Chemical composition and nutritional values vary depending on fat level and manufacturing, but can be roughly characterized as follows:

  • Water: main constituent, typically over 80 percent.
  • Proteins: predominantly caseins and whey proteins; contents are usually between 3 and 6 g per 100 g in commercial yogurt.
  • Fat: dependent on milk type; skim yogurt contains near 0 g fat, full-fat yogurt about 3–4 g per 100 g, high-fat variants much more.
  • Carbohydrates: mainly lactose and partially its breakdown products like glucose and galactose; total content is often around 4–6 g per 100 g.
  • Minerals and vitamins: notable are calcium, phosphorus and B vitamins, present in bioavailable form.
Industrial production includes several characteristic steps:

  • Milk preparation: pasteurization to inactivate unwanted microorganisms and enzymes, followed by homogenization to reduce fat globule size.
  • Heating and cooling: a high-temperature treatment (e.g. 85–95 °C for a short time) promotes denaturation of whey proteins and improves gel structure after fermentation.
  • Inoculation: addition of defined starter cultures to cooled milk.
  • Fermentation: incubation at controlled temperature, typically 40–45 °C, until a target pH (usually around 4.5) or a certain acid level is reached.
  • Cooling and maturation: stopping fermentation by cooling; optionally cutting, stirring or draining (for Greek yogurt) to adjust texture.
Functional and technological aspects influence product quality. Exopolysaccharide-producing strains improve viscosity and reduce syneresis (water release). Stabilizers such as pectin or modified starch are used to optimize texture and shelf life. Control parameters include pH, titratable acidity, viscosity and viable cell counts of the cultures.
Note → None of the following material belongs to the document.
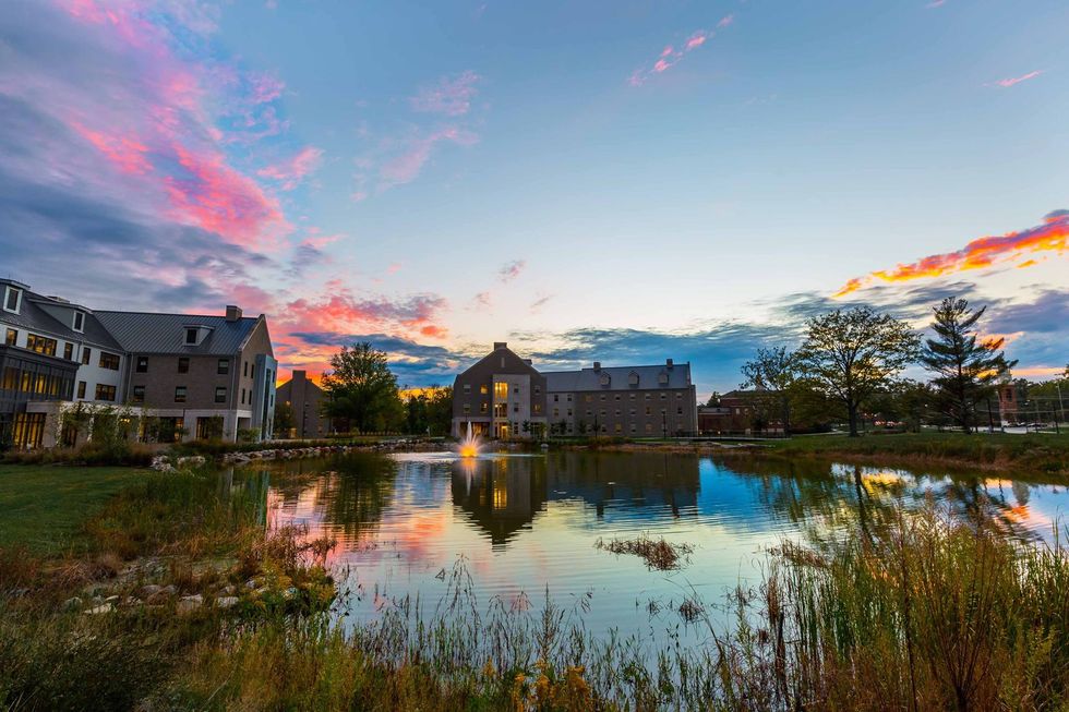 Although this area of Western Campus is the most newly developed part of campus, it certainly does not lack the beauty of the rest of campus. As seen in this photo, it is especially beautiful at sunset.

Health aspects are widely studied. Yogurt provides readily digestible protein, calcium and B vitamins. Fermentation partly reduces lactose content, so some people with lactose intolerance tolerate yogurt better than fresh milk. Probiotic cultures can transiently influence the gut microbiota and support digestive functions, although effects depend on product and strains. People with a milk protein allergy must avoid yogurt because allergenic milk proteins remain. Hygienic production and refrigeration are important to prevent spoilage and unwanted microbial contamination.

In summary, yogurt is a technically well-understood fermented food with variable composition and diverse textural and nutritional properties. Product quality is controlled by choice of starter cultures, heat treatment, mechanical processing and additives, while health effects depend on composition and the viability of the bacteria.